Recently, Falcone et al³ showed that patients with coronary artery disease presenting with peripheral artery disease have lower sRAGE levels than patients with coronary artery disease without peripheral artery disease (615 vs 766 pg/mL, respectively; P = .02). Additionally, that study demonstrated that stable atherosclerotic lesions in different vascular districts are inversely correlated with circulating sRAGE levels.³ These results suggest that stable atherosclerotic lesions in different vascular districts are inversely related to the soluble decoy receptor sRAGE. Additionally, others have demonstrated that a low plasma sRAGE level was significantly related to endothelial dysfunction in nondiabetic patients.⁴ Decreased plasma sRAGE concentration was a predictor of cardiovascular events, suggesting its role in atherothrombosis,⁴ thus the authors speculated that sRAGE could be a potentially protective agent against vascular complications.⁴ sRAGE can act as an important inhibitor of vascular inflammatory responses generated in branches and curvatures of the arterial tree.²⁷ In a mouse model, treatment with sRAGE in the region of atherosclerotic plaque attenuated the development of plaque formation and markedly attenuated monocyte–endothelial cell adhesion.²⁸ In that study, RAGE expression was suppressed following treatment with sRAGE. This suggest that sRAGE exerts antiatherogenic effects by blocking the activation of the RAGE signaling pathway and may thus be a potential therapeutic target for the prevention of atherosclerosis. Of note, a 12-week moderate intensity aerobic exercise program has been shown to significantly increase circulating sRAGE levels in women with type 2 diabetes resulting in atherosclerosis risk reduction.²⁹ Altogether, most of these data reveal that sRAGE actions result in an antiatherogenic effect.

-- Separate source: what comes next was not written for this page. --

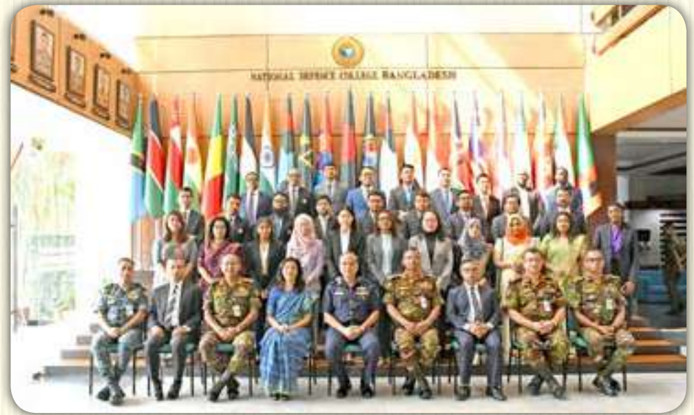
Delegation from Foreign Service Academy 07 November 2023

On the other hand, several studies challenged the protective effect of sRAGE. For instance, elevated sRAGE levels in women aged 65 and older were associated with an increased risk of cardiovascular death in the Women’s Health and Aging Study I, a population-based study designed to evaluate the causes and course of physical disability in older disabled women living in a community.³⁰ However, since this study involved moderately to severely disabled community-dwelling women, their results may not be translated to young, healthier women.³⁰ In a 5-year prospective study, Japanese participants with type 2 diabetes had higher CVD events as serum sRAGE levels increased (P = .046) and serum sRAGE levels were independently associated with CVD (P = .034) after adjusting for conventional coronary risk factors.²²

Studies have been performed on prevalent genetic variants of RAGE and CVD. Similar to other studies,^31,32 Hofmann et al³³ found no association between RAGE genotype Gly82Ser and CVD in the Framingham offspring study. Bansal et al³⁴ investigated the association between RAGE gene polymorphisms (-374T/A, -429T/C, and G82S) with macrovascular complications in Indian diabetic patients. Their results showed that -429T/C polymorphism was associated with macrovascular complications; however, -374T/A polymorphism conferred protection, and G82S polymorphism did not show any association.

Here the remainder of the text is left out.